Shortly after I wrote about extracting numbers from text strings, Winston Snyder at dataprose.org wrote a detailed article about using “regular expressions” to separate text from numbers in any string. I have adapted his routine for the same purpose as in the previous post, that is to extract a single numerical value from a text string. The regular expressions approach has two main advantages:

The same function can be used to extract numbers from the left, right, or middle of a text string.
No delineators are required.

The only drawback is that if the text string contains more than one number the function will concatenate them if they are integers, or return zero if they both have decimals.

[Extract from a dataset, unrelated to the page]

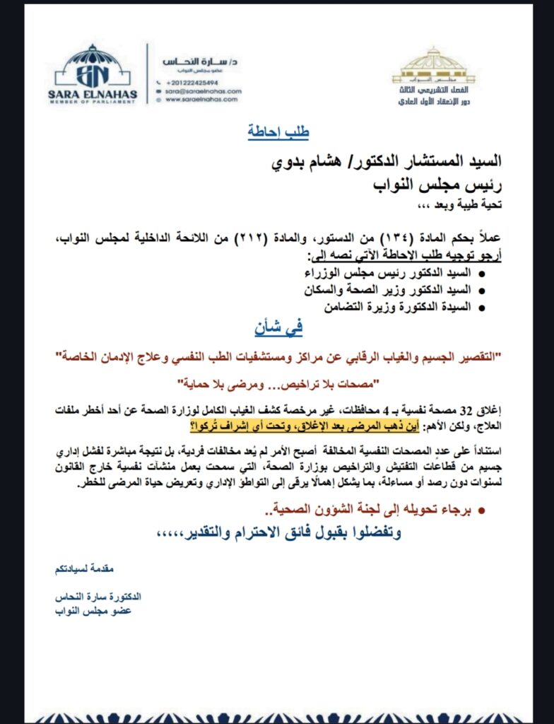 تقدّمت النائبة الدكتورة سارة النحاس بطلب إحاطة بشأن ما وصفته بـ التقصير الجسيم والغياب الرقابي عن مراكز ومستشفيات الطب النفسي وعلاج الإدمان الخاصة، وذلك في أعقاب إغلاق 32 مصحة نفسية غير مرخصة في 4 محافظات.

The new ExtractNum function has been added to GetNum.xlsb, and Text-in2.xlsb, and is shown in use in the screenshot below:

ExtractNum Function

This function is only scratching the surface of what can be done with regular expressions. For more details and links see dataprose.org.

This entry was posted in Excel, UDFs, VBA and tagged Excel, extracting numbers from text, regular expressions, UDF, VBA. Bookmark the permalink.

19 Responses to Extracting numbers with regular expressions

Georg says:

13/04/2014 at 8:59 am

Hi Doug,
looks like it is time for creating PerXLL??? At least, imho the language Perl is the Jedi Knight of RegEx. Some people have already tried to call Perl scripts from within VBA, and to deal with the results as well:
http://stackoverflow.com/questions/618116/how-do-i-call-a-perl-script-from-excel
http://stackoverflow.com/questions/5176032/is-there-a-way-to-run-perl-code-from-inside-excel-and-have-it-return-a-hash
Does not look too discouraging, does it??
I got interested in this subject because gmpy2 (via PyXLL) does not always return “nice” strings to VBA…
All the best
Georg

LikeLike

Reply
dougaj4 says:

13/04/2014 at 9:27 am

Hi Georg, I’m not sure that it would be productive for me to delve into yet another programming language, but if you find interesting Perl related links I will certainly be glad to see them!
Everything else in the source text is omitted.